Information provided START

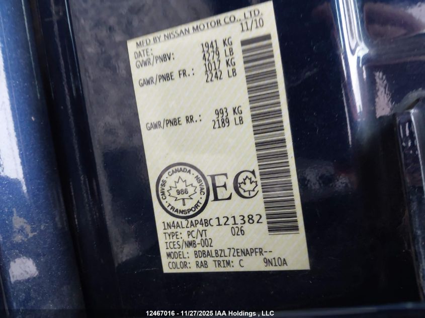 2011 NISSAN ALTIMA 2011 року Бензин, , Передний привод, vin - 1N4AL2AP4BC121382 из США
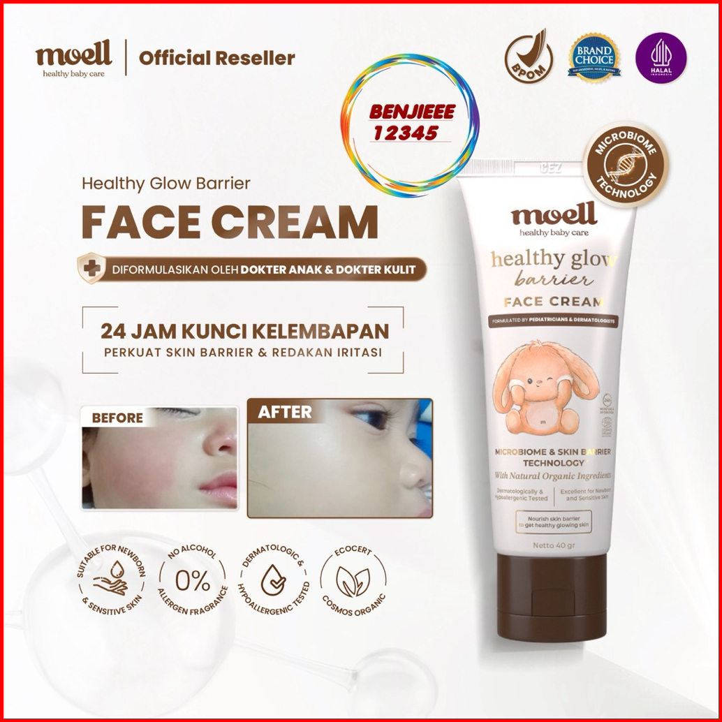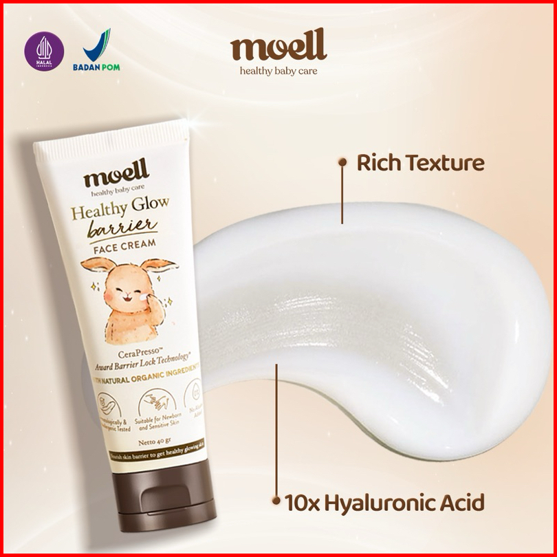 Moell Face Cream 40ml Healthy Glow Barrier Face Cream Pelembab Wajah Bayi Anak Plant Based Probiotics Suitable For Sensi
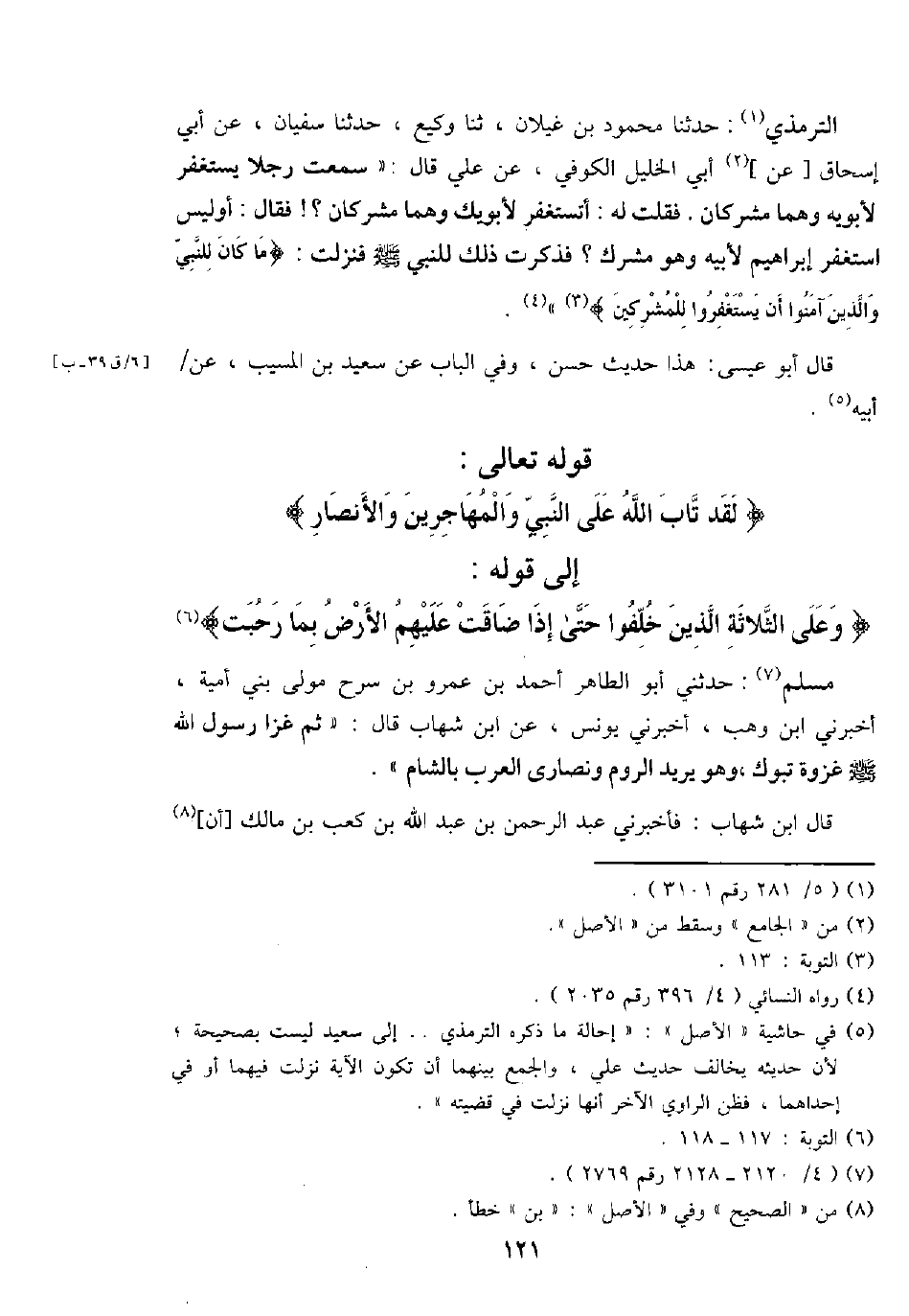 التِّرْمِذِيّ: حَدثنَا مَحْمُود بن غيلَان، ثَنَا وَكِيع، حَدثنَا سُفْيَان، عَن أبي إِسْحَاق [عَن] أبي الْخَلِيل الْكُوفِي، عَن عَليّ قَالَ: " سَمِعت رجلا يسْتَغْفر لِأَبَوَيْهِ وهما مُشْرِكَانِ. فَقلت لَهُ: أَتَسْتَغْفِرُ لِأَبَوَيْك وهما مُشْرِكَانِ؟ ! فَقَالَ: أَو لَيْسَ اسْتغْفر إِبْرَاهِيم لِأَبِيهِ وَهُوَ مُشْرك؟ فَذكرت ذَلِك للنَّبِي - صَلَّى اللَّهُ عَلَيْهِ وَسَلَّم َ - فَنزلت: {مَا كَانَ للنَّبِي وَالَّذين آمنُوا أَن يَسْتَغْفِرُوا للْمُشْرِكين} ".

Information provided END

### Exercise brief
Output precisely the lines in the material above from the line containing "Moell Face Cream" through its last line, and omit pictures.

### Written answer
 Moell Face Cream 40ml Healthy Glow Barrier Face Cream Pelembab Wajah Bayi Anak Plant Based Probiotics Suitable For Sensi
 التِّرْمِذِيّ: حَدثنَا مَحْمُود بن غيلَان، ثَنَا وَكِيع، حَدثنَا سُفْيَان، عَن أبي إِسْحَاق [عَن] أبي الْخَلِيل الْكُوفِي، عَن عَليّ قَالَ: " سَمِعت رجلا يسْتَغْفر لِأَبَوَيْهِ وهما مُشْرِكَانِ. فَقلت لَهُ: أَتَسْتَغْفِرُ لِأَبَوَيْك وهما مُشْرِكَانِ؟ ! فَقَالَ: أَو لَيْسَ اسْتغْفر إِبْرَاهِيم لِأَبِيهِ وَهُوَ مُشْرك؟ فَذكرت ذَلِك للنَّبِي - صَلَّى اللَّهُ عَلَيْهِ وَسَلَّم َ - فَنزلت: {مَا كَانَ للنَّبِي وَالَّذين آمنُوا أَن يَسْتَغْفِرُوا للْمُشْرِكين} ".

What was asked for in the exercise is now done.